Dataset =
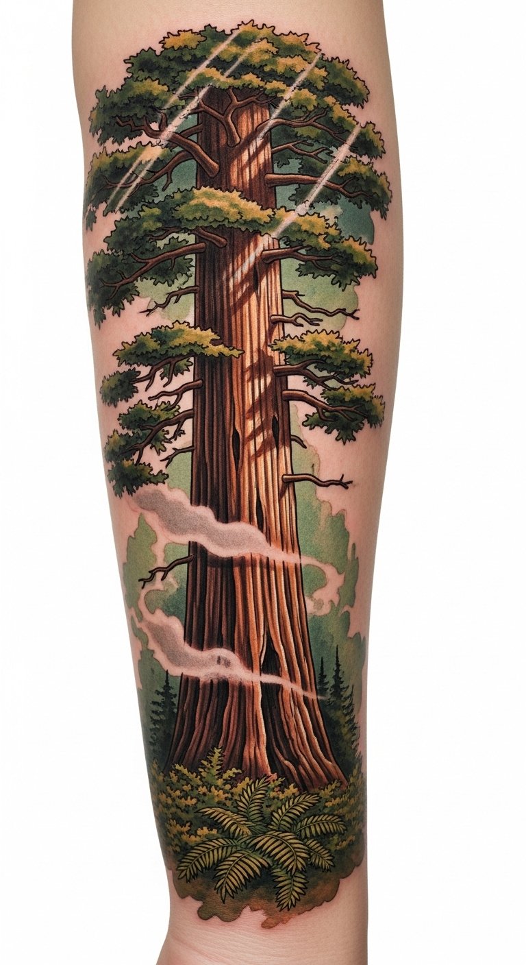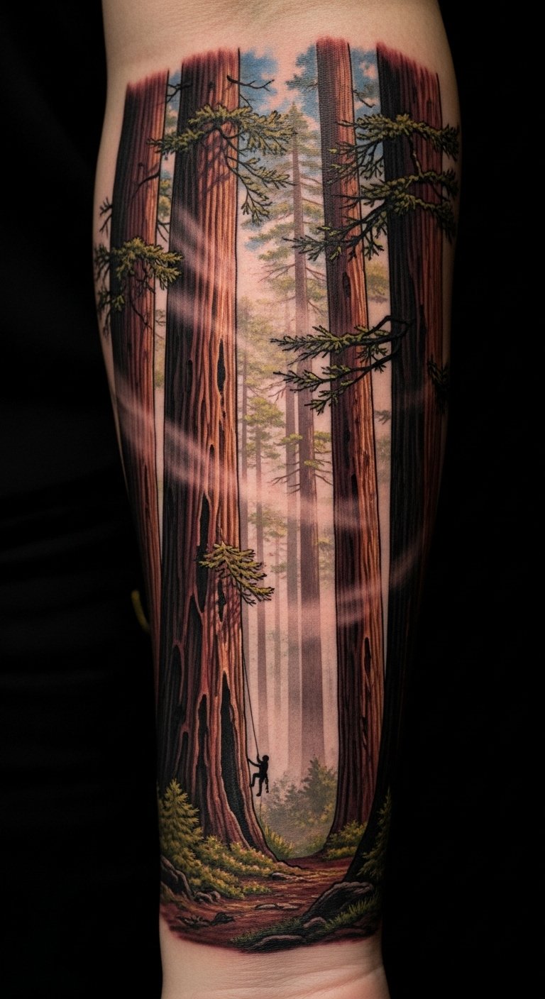 Designed for a forearm or upper back placement, this tattoo concept uses a vertical composition of towering redwoods rendered in hyper-realistic black and gray with selective warm highlights to emphasize sunlit bark ridges.
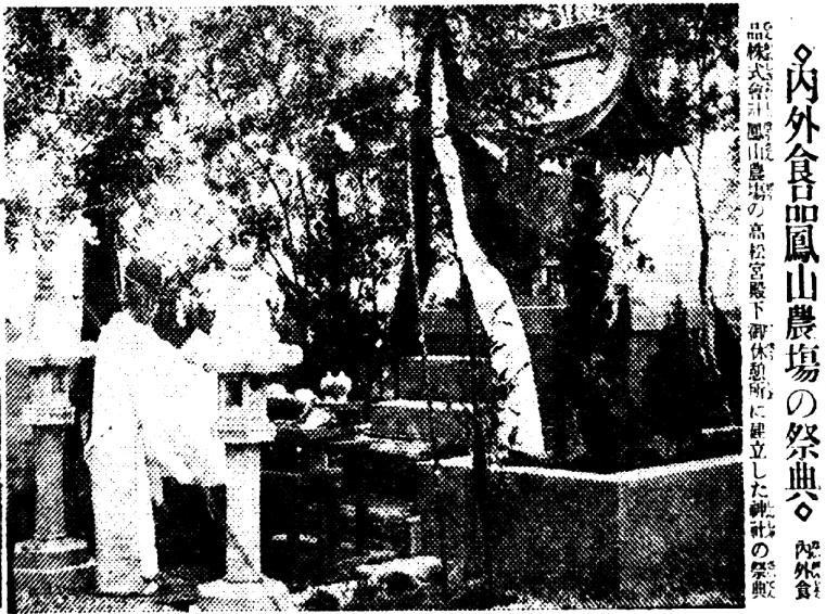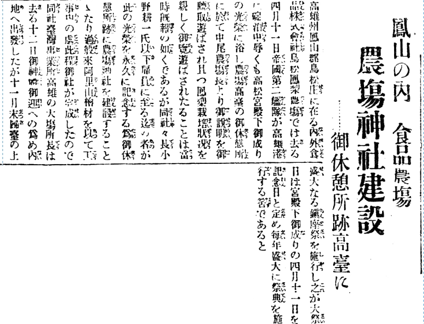 依據《臺南新報》1933年10月17日報導,內外食品株式會社為紀念這份榮光,社長小野耕一及全體雇員,決議於御休憩所舊址的高臺,採用阿里山檜木來建造農場神社;臺灣事業所高雄的大場所長1933年10月12日赴日本迎請神體,預計11月返臺。將以7月11日,高松宮蒞臨之日,做為大祭日,每年盛大舉行祭典。
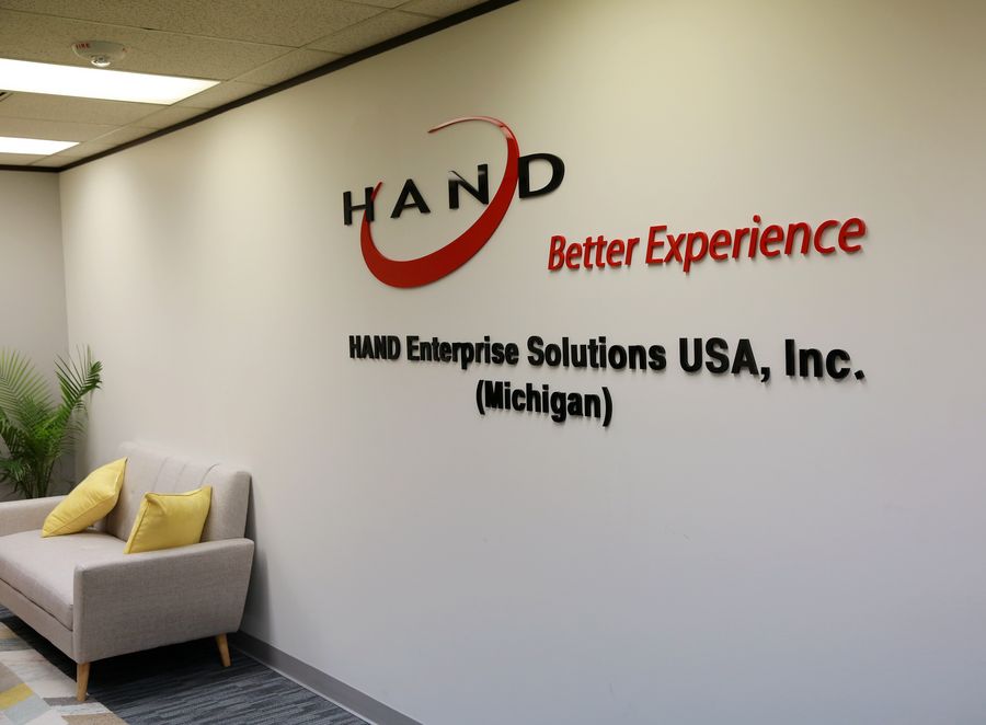 Photo taken on Nov. 14, 2019 shows the office of HAND Enterprises Solutions USA Inc. in the suburb area of Detroit, the United States. (Xinhua/Wang Ping)
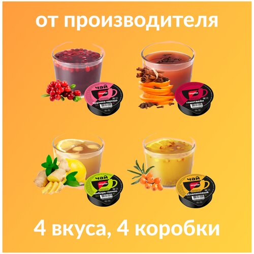 Набор порционного чая «SimpaTea» глинтвейн, имбирь-лимон, брусника-каркаде, облепиховый, 4 коробки по 36 баночек «дип-пот» по 45 г
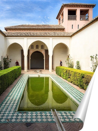 Плакат "Мавританский дворик с арками, прудом и фонтаном"
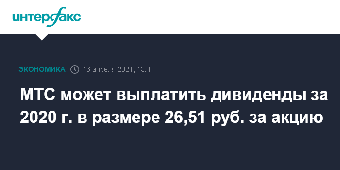 МТС может выплатить дивиденды за 2020 г. в размере 26,51 руб. за акцию
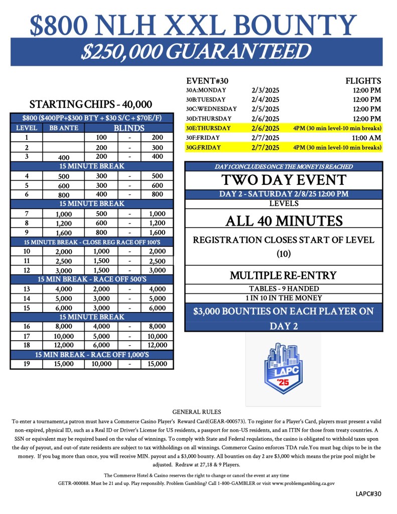 It’s time for the next session here in $250,000 Guaranteed XXL Bounty event! This tournament has an $800 buy-in, giving players 40,000 in chips to start with, and the top 10% will move on to Day 2 on Saturday. There, all bounties will be worth $3,000.
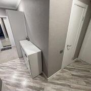 Выполнен современный ремонт в светлых тонах. На полу ламинат, на стенах обои, потолки натяжные. Входная металлическая дверь.
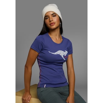 Kombistarkes Damen-T-Shirt der Marke KangaROOS mit Aufdruck. Mit einem hüftlangen und normal breiten Schnitt. Kombinierbar für das Freizeit-Outfit. Das Oberteil aus dehnbarem und weichem Single Jersey sorgt für hohen Tragekomfort.
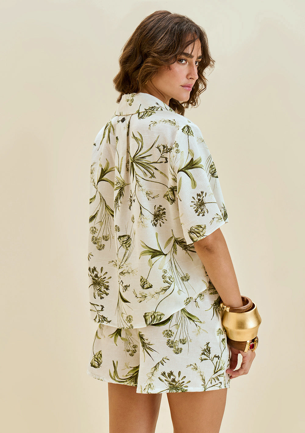 Camisa Suelta Cuello Clásico Mangas Cortas
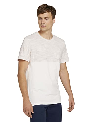 TOM TAILOR Maglietta a Righe con Tasca sul Petto, Uomo, Bianco (Off White 10332), XXL
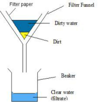 Put a funnel into a beaker and fix paper over the funnel. Pour in all the sand and water mixture slowly. You will see that water distills inside the beaker and the sand is left at the surface of the filter paper.
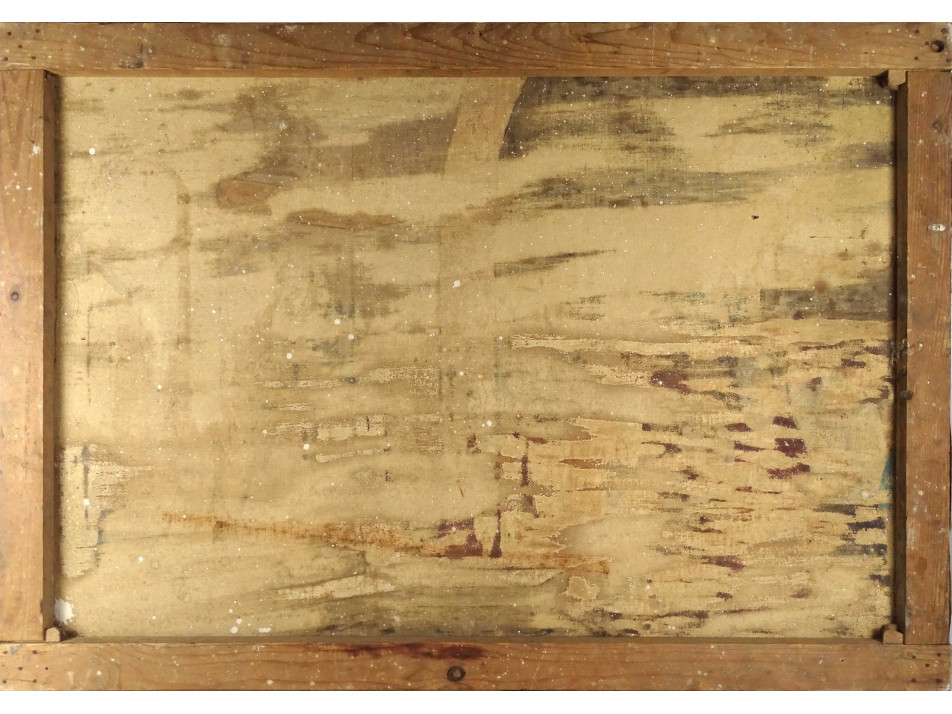 Munkácsy Mihály : Krisztus Pilátus előtt című festményének nagyméretű másolata. Szép állapotú olaj vászon festmény, keret nélkül. A festék több helyen is lepergett a vászonról.
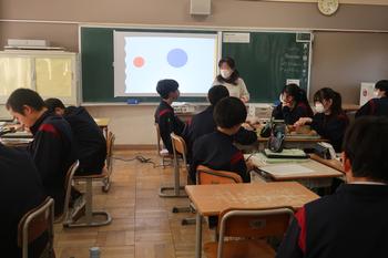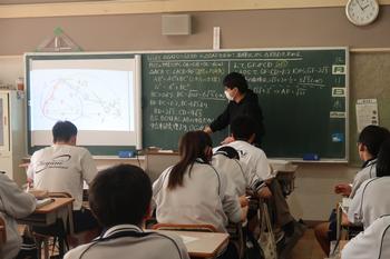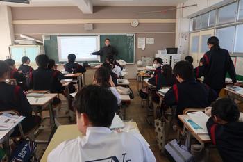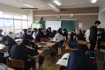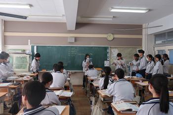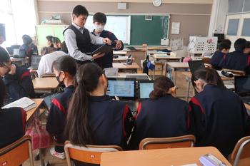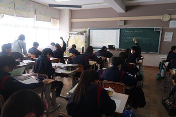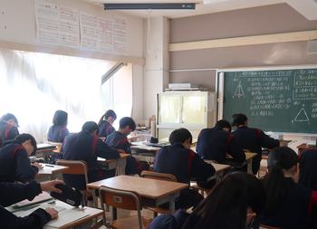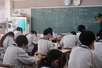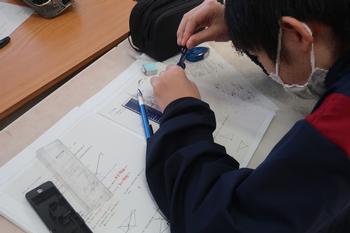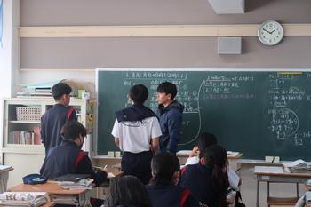 数学では証明問題に取り組んでいます。わからない所があって先生に聞きにきたのでしょうか。そうやって解決していくことが大事だ。

Exercise directions = Transcribe the records above exactly, leaving out every picture.

Answer =
 Designed for a forearm or upper back placement, this tattoo concept uses a vertical composition of towering redwoods rendered in hyper-realistic black and gray with selective warm highlights to emphasize sunlit bark ridges.
 依據《臺南新報》1933年10月17日報導,內外食品株式會社為紀念這份榮光,社長小野耕一及全體雇員,決議於御休憩所舊址的高臺,採用阿里山檜木來建造農場神社;臺灣事業所高雄的大場所長1933年10月12日赴日本迎請神體,預計11月返臺。將以7月11日,高松宮蒞臨之日,做為大祭日,每年盛大舉行祭典。
 Photo taken on Nov. 14, 2019 shows the office of HAND Enterprises Solutions USA Inc. in the suburb area of Detroit, the United States. (Xinhua/Wang Ping)
 Набор порционного чая «SimpaTea» глинтвейн, имбирь-лимон, брусника-каркаде, облепиховый, 4 коробки по 36 баночек «дип-пот» по 45 г
 Плакат "Мавританский дворик с арками, прудом и фонтаном"
 МТС может выплатить дивиденды за 2020 г. в размере 26,51 руб. за акцию
 It’s time for the next session here in $250,000 Guaranteed XXL Bounty event! This tournament has an $800 buy-in, giving players 40,000 in chips to start with, and the top 10% will move on to Day 2 on Saturday. There, all bounties will be worth $3,000.
 Выполнен современный ремонт в светлых тонах. На полу ламинат, на стенах обои, потолки натяжные. Входная металлическая дверь.
 Kombistarkes Damen-T-Shirt der Marke KangaROOS mit Aufdruck. Mit einem hüftlangen und normal breiten Schnitt. Kombinierbar für das Freizeit-Outfit. Das Oberteil aus dehnbarem und weichem Single Jersey sorgt für hohen Tragekomfort.
 Camisa Suelta Cuello Clásico Mangas Cortas
 TOM TAILOR Maglietta a Righe con Tasca sul Petto, Uomo, Bianco (Off White 10332), XXL
 Put a funnel into a beaker and fix paper over the funnel. Pour in all the sand and water mixture slowly. You will see that water distills inside the beaker and the sand is left at the surface of the filter paper.
 Munkácsy Mihály : Krisztus Pilátus előtt című festményének nagyméretű másolata. Szép állapotú olaj vászon festmény, keret nélkül. A festék több helyen is lepergett a vászonról.
 数学では証明問題に取り組んでいます。わからない所があって先生に聞きにきたのでしょうか。そうやって解決していくことが大事だ。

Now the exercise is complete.